Tapetenwechselgrund bewirkt, dass Tapeten bei späteren Renovierungen trocken, bahnenweise abgezogen werden können. Gerade bei wasser- und waschbeständigen Tapeten sinnvoll, zumal diese Vorbehandlung auch nach mehrmaligem Tapetenwechsel ihre Wirkung behält.

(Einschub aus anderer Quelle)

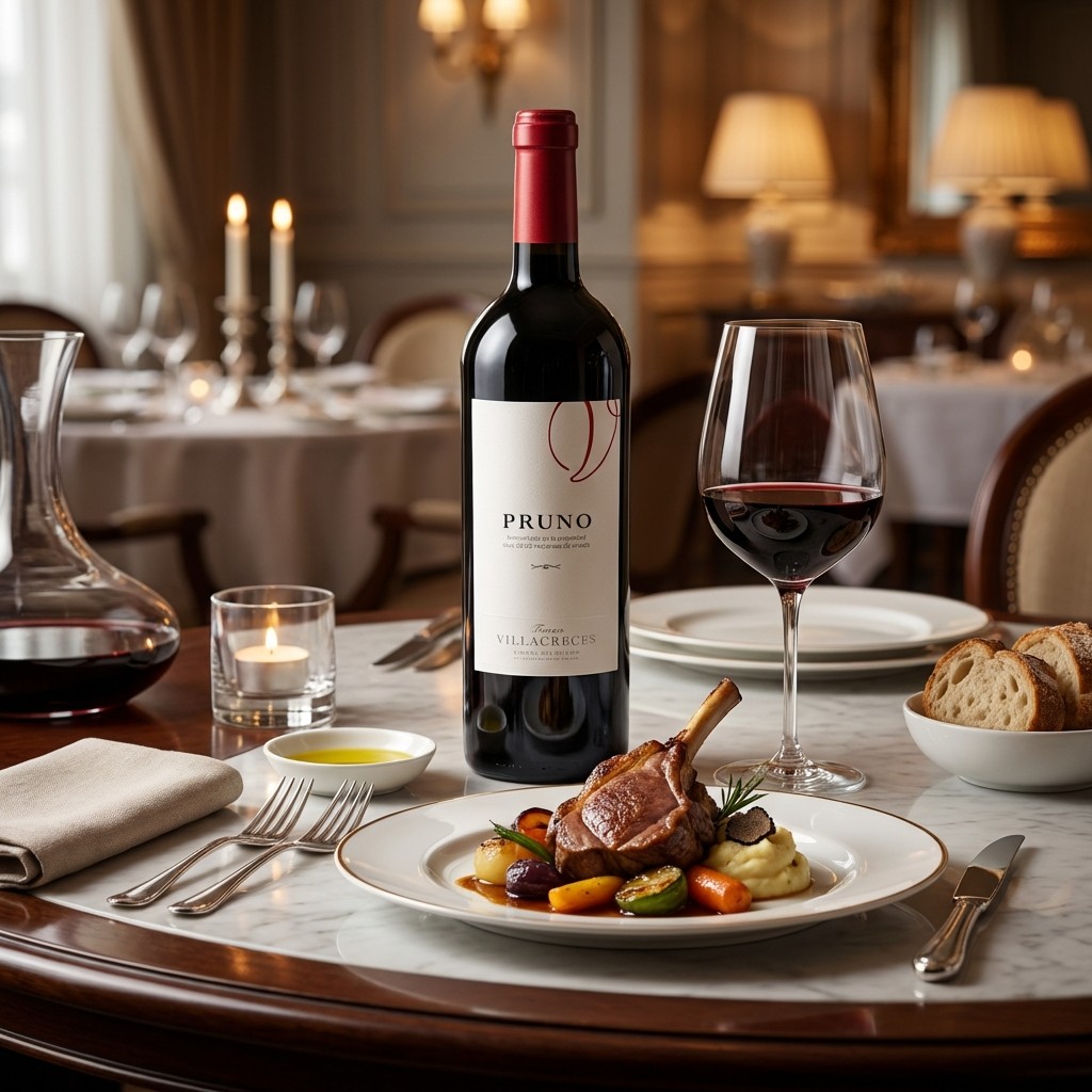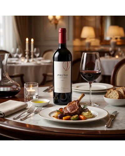 Pruno Villacreces de Ribera del Duero en formato Magnum, una presentación que no solo engrandece la mesa, sino que favorece una evolución más lenta y pausada del vino en botella. Elaborado por Finca Villacreces, bodega vecina de la legendaria Vega Sicilia en la 'Milla de Oro', este vino ha sido aclamado mundialmente por Robert Parker como el 'mejor vino del mundo relación calidad-precio'. Pruno es un ensamblaje moderno y vibrante de Tinto Fino (Tempranillo) y Cabernet Sauvignon, criado durante 12 meses en barricas de roble francés. Su perfil es una explosión de fruta roja madura, notas de toffee y un fondo mineral que refleja el terroir único de suelos franco-arenosos y el clima continental de la región. En boca es goloso, con taninos dulces y un volumen que llena el paladar sin perder frescura. El formato Magnum es ideal para coleccionistas o grandes celebraciones, garantizando una longevidad superior y una expresión aromática más compleja con el paso del tiempo.

Wasserbasierender Tiefgrund dient zur Verfestigung der Oberflächen, z.B. sandender Putze. Er eignet sich für alle Untergründe, mit Ausnahme von Holzwerkstoffen.
Klebemittel
Grundregel:
| Je schwerer und saugfähiger das Tapetenpapier, desto wasserärmer der Kleister. |
Normal-Kleister (Methylzellulose): Für Papiertapeten.
| Verwendungszweck |
Ansatz |
Packungsinhalt in Liter Wasser |
Reichweite für ca. |
|
| qm |
Rollen |
|||
| Vorkleistern |
1:80 |
10 |
100 |
- |
| Leichte Papiertapeten |
1:70 |
8 3/4 |
50 |
10 |
| Normale Papiertapeten |
1:60 |
7 1/2 |
40 |
8 |
| Schwere Papiertapeten |
1:50 |
6 1/4 |
30 |
6 |
Spezial-Kleister (Methylzellulose mit Kunstharz): Für schwere Tapeten, Struktur-, Vinyl-, Vlies- und Textiltapeten sowie für spaltbares Makulaturpapier.
| Verwendungszweck |
Ansatz |
Packungsinhalt in Liter Wasser |
Reichweite für ca. |
|
| qm |
Rollen |
|||
| Vorkleistern |
1:40 |
8 |
60-80 |
- |
| Tapeten |
1:20 |
4 |
22-26 |
4-5 |
| Rauhfaser |
1:20 |
4 |
22-26 |
ca. 2 |
Verarbeitungstipps
Allgemeiner Hinweis:
Ware vor der Verarbeitung auf Mängel prüfen. Nur Rollen mit derselben Anfertigung an einer Wand tapezieren. Bei eventuellen Beanstandungen Einrollzettel und Musterabschnitt beifügen. Auf keinen Fall übernimmt der Hersteller Klebekosten für mehr als drei Bahnen.
Untergrund:
Der Untergrund muß trocken, sauber, fest, saugfähig, glatt und einheitlich hell sein. Alte Tapeten entfernen, Leimfarbenanstriche abwaschen, Dispersionsfarbenanstriche auf Haftung zum Untergrund prüfen, blätternde Anstriche abstoßen und mit einem verdünnten lösungsmittelhaltigen Grundiermittel grundieren. Glatte Neuputzflächen vorkleistern. Leicht rauhe Untergründe mit Feinmakulatur vorstreichen.
Kleister:
Für Papiertapeten Normalkleister entsprechend den Herstellerangaben verwenden.
Einkleistern:
Nicht zu dick und immer von der Bahnmitte zu den Kanten hin einkleistern. Die eingekleisterte Bahn von oben zwei Drittel und von unten ein Drittel zusammenlegen. Dabei eingeschlossene Luft herausdrücken und die zusammengelegte Tapetenbahn nochmals aufrollen.
Weichzeit:
Ca. 8-12 Minuten - je nach Stärke und Qualität des Papiers.
Tapezieren:
Auf Stoß kleben und mit einer weichen Tapezierwalze oder einem Tapezierwischer blasen- und faltenfrei andrücken. Die Tapetennähte bei glatten Papiertapeten - falls erforderlich - mit einem Nahtroller nachbehandeln. Bei Prägetapeten keinen Nahtroller verwenden.
Kleisterflecke:
Sofort mit sauberem Wasser und Schwamm abwaschen bzw. abtupfen.
Trocknen:
Während des Trocknens starkes Heizen oder Zugluft vermeiden.